Around the lives of these two relatives, Keneally has woven the stories of closely interrelated groups of transported Irish revolutionaries – Ribbonmen of the 1830s, Young Irelanders of the 1840s and, from the late 1850s, Fenians. Inevitably, he gives most space to nobs – those who left a record through their writings or their public achievements. Much of the book, therefore, is dominated by extraordinary people, such as Thomas Francis Meagher, in his youth a journalist and the fiery-tongued scourge of the anti-revolutionary Daniel O’Connell. Transported to Tasmania after the revolutionary fiasco of 1848, Meagher later escaped to America, where he was hugely popular, earned vast sums of money as a lecturer, led the New York Irish Brigade in the American Civil War, and died – or possibly was murdered – at only forty-five, when he was Acting Governor of Montana. John Mitchel, his co- conspirator and co-escapee, worked as a journalist in New York, farmed in Tennessee, supported slavery and the Confederates and lost two sons in the Civil War: because of his compelling and venomously anti-British Jail Journal, he is still an inspiration in republican circles.

Among the dozens and dozens of young men whose lives Keneally follows there were many of real ability, energy and idealism who could have been of great help to Ireland had they not ended up exiled because they had been seduced by half-baked revolutionary notions. Part of their legacy, of course, has been to help make the bulk of the Irish in Australia and the United States fervently anti-British.

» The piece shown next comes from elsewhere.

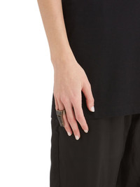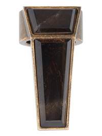 RICK OWENS CRYSTAL TRUNK RING IN BRASS AND SMOKEY QUARTZ THIS CRYSTAL TRUNK RING IS A THICK BAND WHICH EXTENDS INTO A GEOMETRIC TRUNK SHAPE ORNAMENTED WITH TWO BEVELED SMOKEY QUARTZ CRYSTAL STONES. IT HAS THE RICK OWENS LOGO ENGRAVED ON THE BACK. THIS IS THE DARK BRONZE VERSION. THIS JEWELRY PIECE IS MADE USING GENUINE SMOKEY QUARTZ CRYSTAL STONES AND HAS A MATTE DARK BRONZE FINISH THIS FINISH IS OBTAINED BY DARKENING A BRONZE COLOR GALVANIZATION, THE RESULT IS IRREGULAR MEANING EACH PIECE HAVE ITS OWN UNIQUE SHADINGS. THE SMOKEY QUARTZ CRYSTAL STONES USED IN THIS PIECE ARE NATURAL, THEREFORE VARIATIONS IN VEIN STRUCTURE AND COLORATION ARE NOT IMPERFECTIONS OR DEFECTS BUT INHERENT CHARACTERISTICS OF THIS MATERIAL AND WHAT MAKES EACH PIECE UNIQUE. - COLOR: DARK BRONZE - MATERIAL: 100% BRASS - INSERT 100% SMOKY QUARTZ

There are two major drawbacks to this well-researched, often impressive and frequently moving book. Stylistically, it is at least two hundred pages too long. Keneally should have been persuaded to cut his cast of characters by a quarter: it is impossible not to sag under the sheer weight of suffering transportees and grieving families. Much of the relentless detail should have been chopped too. Page after page about diseases of the famine, technical details of journeys and military manoeuvres in the Civil War sometimes cruelly break up the narrative. More importantly, Keneally has bought into the traditional nationalist interpretation of the whole period he covers. Although he is a writer of integrity, who never evades the truth about his characters, he sees Ireland almost exclusively from the point of view of those who objected to British rule. Virtually the only Protestants we get to know are romantic revolutionaries. Unionists (whom he calls Loyalists) barely earn a mention before the last page but one.

Just as serious is that Keneally has swallowed what Professor Liam Kennedy described as the MOPE (Most Oppressed People Ever) view of Ireland, which is rooted more in a profound ignorance of the sufferings of other European countries than in a realistic assessment of our own history. We are a nation of brilliant propagandists, whose emigrants have spread throughout the world a sorry and exaggerated tale of persecution and catastrophe. (I still recall listening with dropped jaw to a republican ex-terrorist explaining to a large audience in London that during the Penal Laws the Irish had suffered more than any people before or since. ‘What about the Jews?’ I asked through gritted teeth after she had finished her lecture. She shook her head. ‘Not as bad’, she said, in the absolute confidence of ignorance.)

Keneally won the Booker for Schindler’s Ark. If a mixture of hard graft and dewy-eyed sentiment attracts next year’s judges, he could well win the Whitbread for The Great Shame. Whether he does or not, his book will be hyped and over-praised and inevitably useful ammunition for the MOPE brigade.